Dataset records:
/---
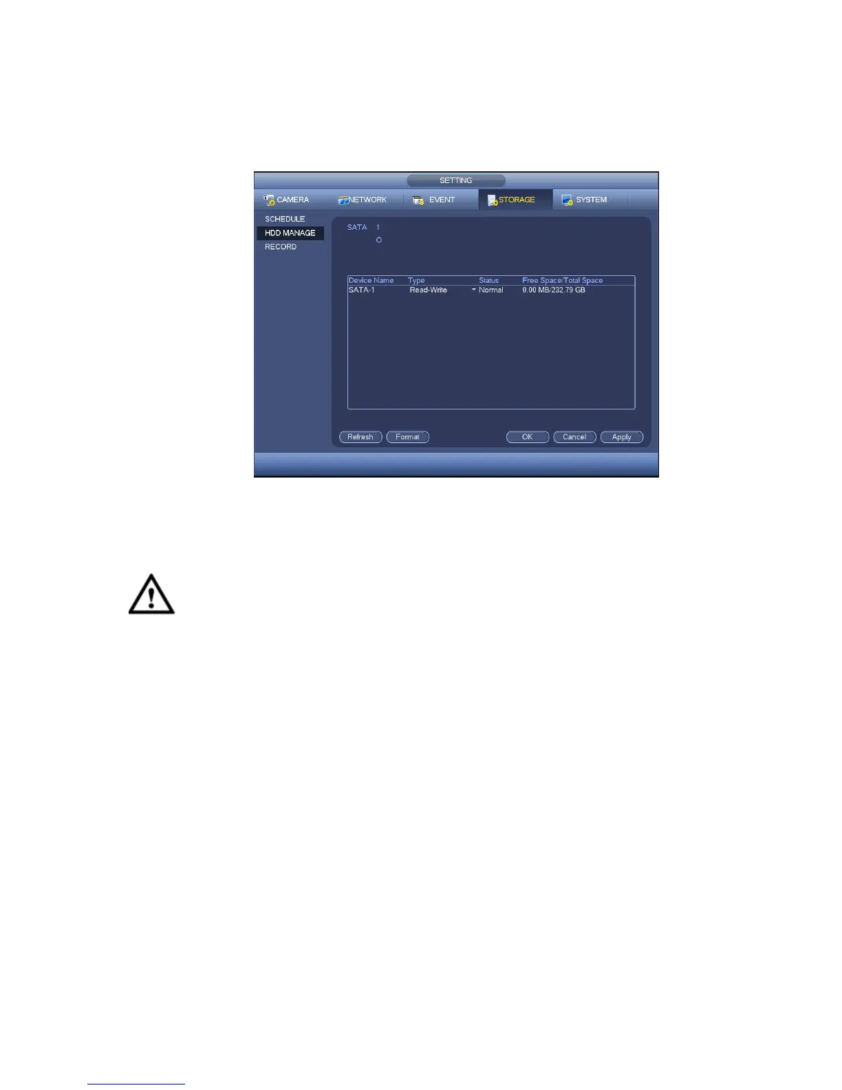 You can see current HDD type, status, capacity and etc. The operation includes format HDD, and
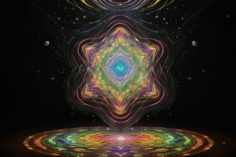 "Imagine a vivid, dynamic scene featuring complex, colorful geometric patterns. The setting is an infinite space filled with interlocking triangles, hexagons, and circles, each pulsating with vibrant colors like reds, blues, greens, and yellows. The geometric shapes are in constant transformation, shifting seamlessly from triangles to hexagons, to eight-pointed stars, and spirals. Each shape is outlined with shimmering, rainbow-like light, creating a glowing halo effect. Golden lines trace additional patterns, adding a three-dimensional depth to the scene. The entire pattern breathes, expanding and contracting rhythmically. Occasionally, humanoid figures and mythical animals emerge from the patterns, weaving fleeting stories before merging back into the geometric tapestry. The overall image is a mesmerizing dance of geometry and light, inviting the viewer into a hypnotic, otherworldly experience."
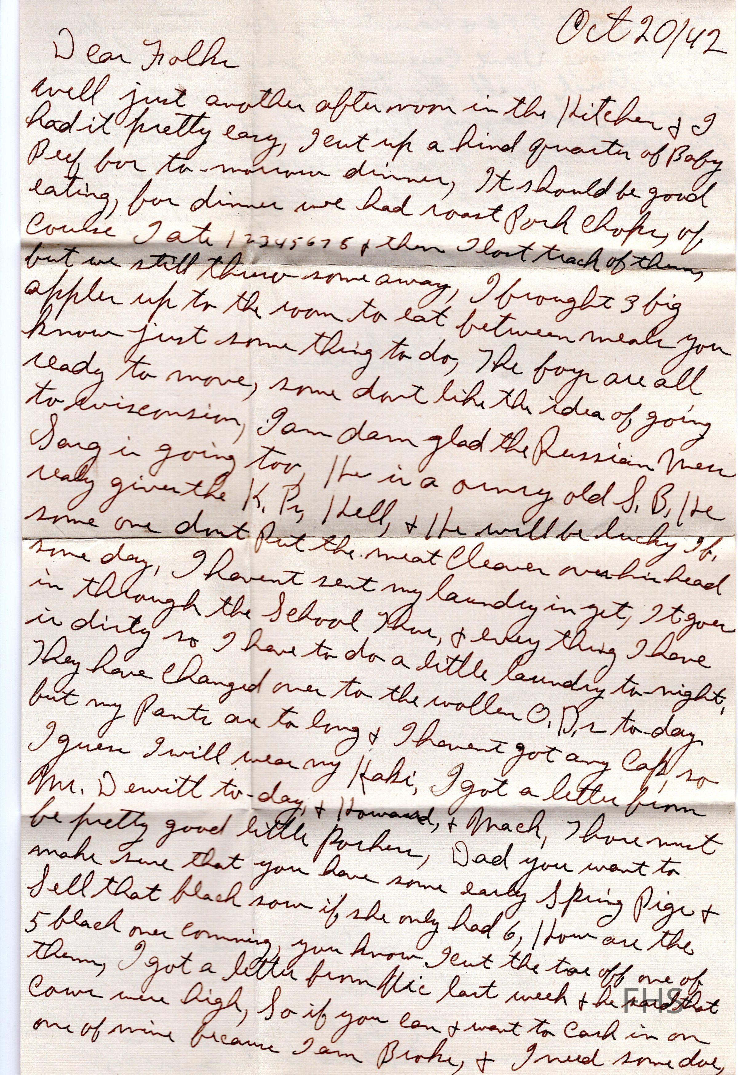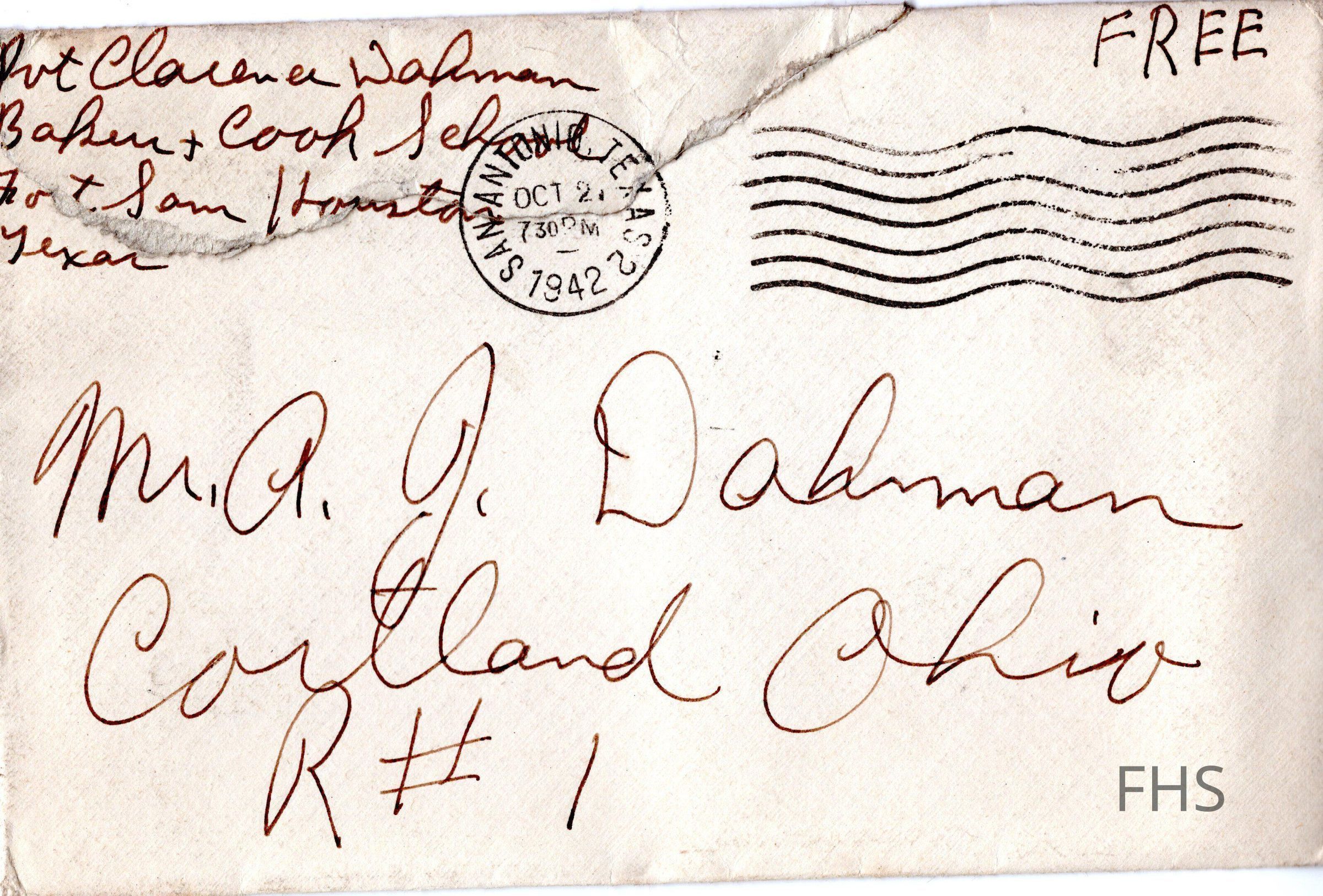 A letter from Clarence Dahman to his family during WWII in 1942.Collection
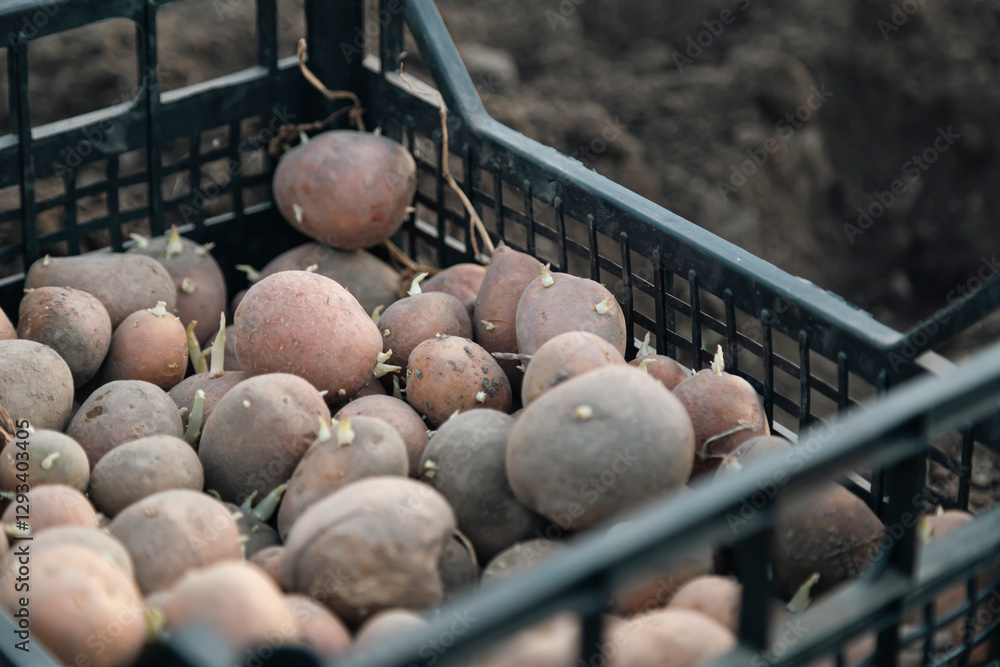 Potatoes for planting with sprouted shoots in a plastic box, close up.
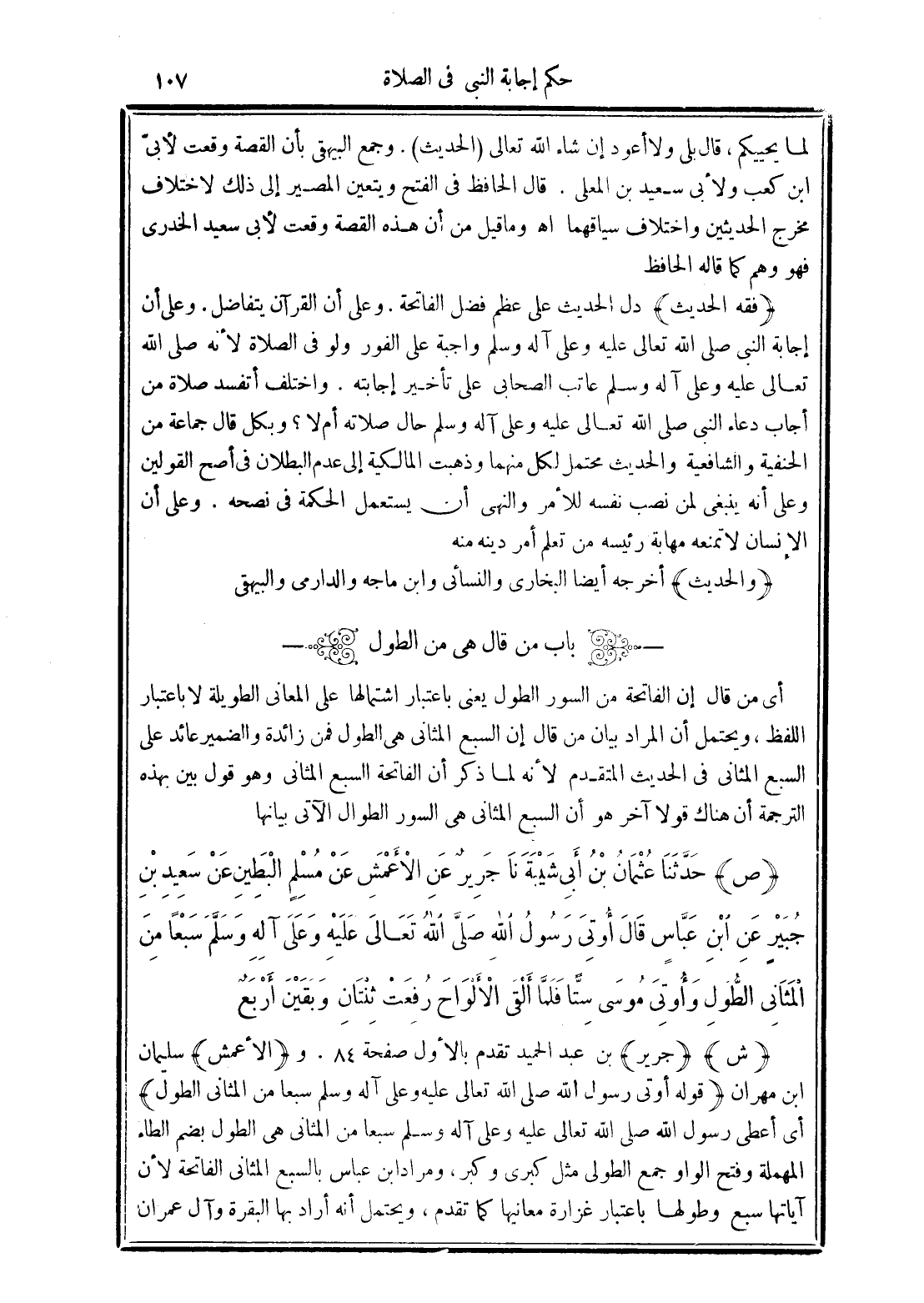 (فقه الحديث) دل الحديث على عظم فضل الفاتحة. وعلى أن القرآن يتفاضل. وعلى أن إجابه النبي صلى الله تعالى وعلى آله وسلم واجبه على الفور ولو في الصلاة لأنه صلى الله عليه وسلم عاتب الصحابي على تأخير إجابته. واختلف أتفسد صلاة من أجاب دعاء النبي صلى الله تعالى وعلى آله وسلم حال صلاته أم لا؟ وبكل قال جماعة من الحنفية والشافعية والحديث محتمل لكل منهما وذهبت المالكية إلى عدم البطلان في أصح القولين وعلى إنه ينبغي لمن نصب نفسه للأمر والنهي أن يستعمل الحكمة في نصحه. وعلى أن الإنسان لا تمنعه مهابه رئيسيه من تعلم أمر دينه منه.
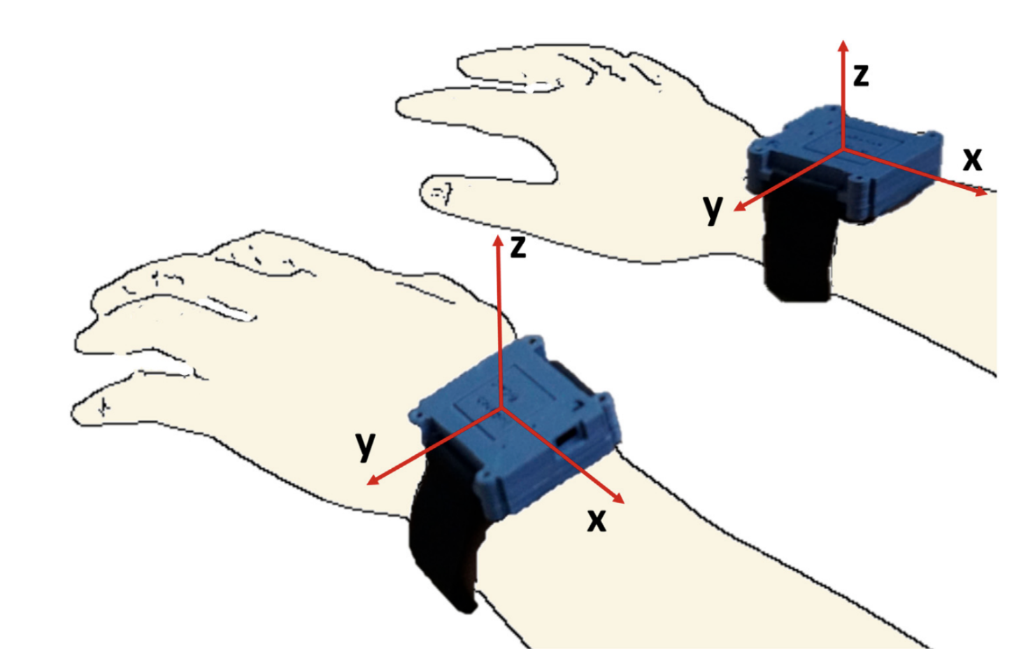 Device mounted to wrist. Placed on both hands (dominant, non-dominant)
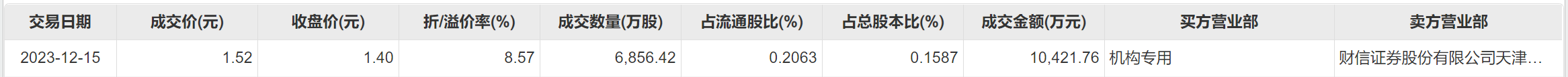 今日大宗交易成交6856.42万股,成交额1.04亿元,占当日总成交额的60.8%,成交价1.52元,较市场收盘价溢价8.57%。
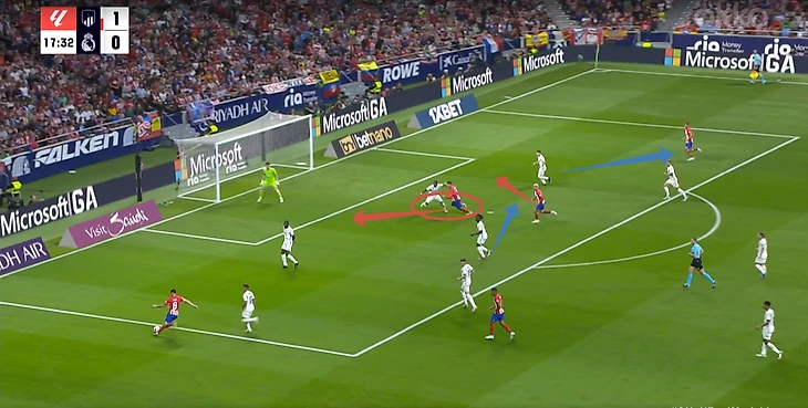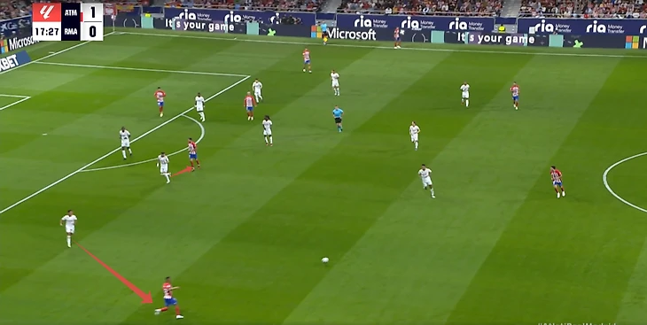 Но в итоге прессинг не приносил пользы, а скорее еще больше разрушал оборонительную структуру Рела, потому что на другом фланге был все время свободный Эрмосо, а прессингующая группа не успевала быстро накрывать иигроков Атлетико, в результате чего у хозяев проблем с выходом из-под прессинга не возникло, а у Реала образовывалось много свободного места на левом фланге, с которого пришли три голевые атаки, не все с быстрого розыгрыша, но все же.
\---
#### WORK ITEM
Exactly as written, restate the lines above from the opening line through the one holding "A letter from", omitting the pictures.

#### RESPONSE TO THIS TASK
 You can see current HDD type, status, capacity and etc. The operation includes format HDD, and
 "Imagine a vivid, dynamic scene featuring complex, colorful geometric patterns. The setting is an infinite space filled with interlocking triangles, hexagons, and circles, each pulsating with vibrant colors like reds, blues, greens, and yellows. The geometric shapes are in constant transformation, shifting seamlessly from triangles to hexagons, to eight-pointed stars, and spirals. Each shape is outlined with shimmering, rainbow-like light, creating a glowing halo effect. Golden lines trace additional patterns, adding a three-dimensional depth to the scene. The entire pattern breathes, expanding and contracting rhythmically. Occasionally, humanoid figures and mythical animals emerge from the patterns, weaving fleeting stories before merging back into the geometric tapestry. The overall image is a mesmerizing dance of geometry and light, inviting the viewer into a hypnotic, otherworldly experience."
 A letter from Clarence Dahman to his family during WWII in 1942.Collection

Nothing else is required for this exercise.